The Indiana Appellate Court stated that two requirements must be met for a witness to qualify as an expert. First, the subject matter must be distinctly related to some scientific field, business, or profession beyond the knowledge of the average layperson; and second, the witness must be shown to have sufficient skill, knowledge, or experience in that area so that the opinion will aid the trier of fact.
The Indiana Appellate Court stated that the general rule is that non-physician healthcare providers are not qualified under Evidence Rule 702 to render opinions as to medical causation because there is a significant difference in the education, training, and authority to diagnose and treat diseases between physicians and non-physician healthcare providers. However, a non-physician healthcare provider may qualify under Evidence Rule 702 to render an opinion as to medical causation if the causation issue is not complex. The determinative question is whether the non-physician healthcare provider has sufficient expertise, as provided in Rule 702(a), with the factual circumstances giving rise to the claim and the patient’s injuries.
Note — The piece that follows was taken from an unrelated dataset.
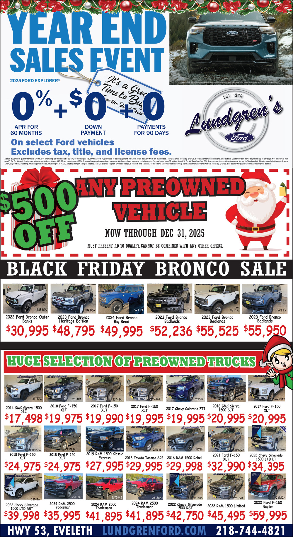Nov 26, 2025. Lundgren's Auto Dealers Ads from Mesabi Daily News
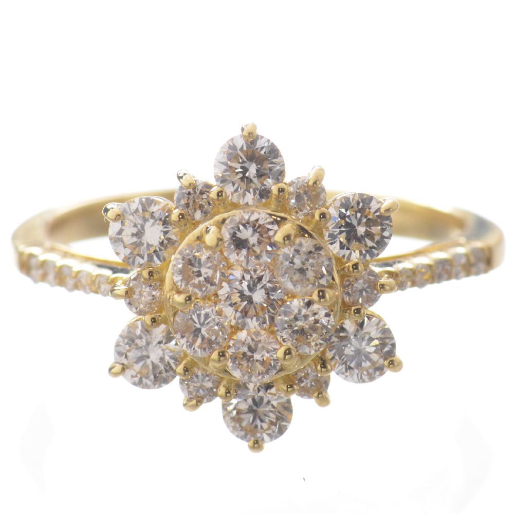 【お買物マラソン★10%OFFクーポン】指輪 レディース 18金 イエローゴールド ダイヤモンド フラワー リング K18 18K 鑑別書付き 日本製【人気アイテム】

The plaintiff’s expert RT opined that the defendant hospital’s RT should have stopped injecting the contrast dye into the plaintiff’s arm as soon as the plaintiff complained of pain and notified the hospital’s radiologist about the infiltration, and that the hospital RT’s failure to do so was a factor in causing the injuries suffered by the plaintiff. The defendant hospital argued: “Because some contrast medium is introduced into the surrounding tissue in the absence of negligence, expert medical evidence must be provided to demonstrate that [Nataomi’s] injuries were either caused entirely by the introduction of additional contrast medium after breaching the standard of care or that her injuries were exacerbated by the introduction of that additional contrast medium. This is a complicated medical question that is beyond the scope of a layperson’s understanding and requires qualified expert medical testimony.”
The Indiana Appellate Court held: “The Hospital cites no authority for its assertion that some contrast medium may be introduced into the surrounding tissue in the absence of negligence; in any event, as the Rileys observe, “[s]ome contrast going in the tissue is different from a significant amount of contrast going into the tissue.” Reply Br. at 9. Even Osborne herself acknowledged that “the more contrast that infiltrates under the skin, the more damage there can be[.]” … It was not Southers’s task to pinpoint the precise amount of contrast medium it would have taken to cause any injury to Nataomi; it was merely his task to state, based on his expertise, whether Osborne’s alleged breach of the standard of care was a proximate cause of the injuries that Nataomi actually suffered. The Rileys point out that Nataomi “faced a visible collection of caustic fluid just under her skin the same size as the fluid introduced by [RT] Osborne, within seconds of the injection.” Appellants’ Br. at 31. The causation issue here was not complex, and therefore we conclude that Southers was qualified to render an expert opinion and thus establish a genuine issue of material fact on that issue. Consequently, we reverse the trial court’s grant of summary judgment for the Hospital and remand for further proceedings.” (emphasis added)
Source Nataomi Riley and Frank Riley v. St. Mary’s Medical Center of Evansville, Inc., Opinion 19A-CT-844.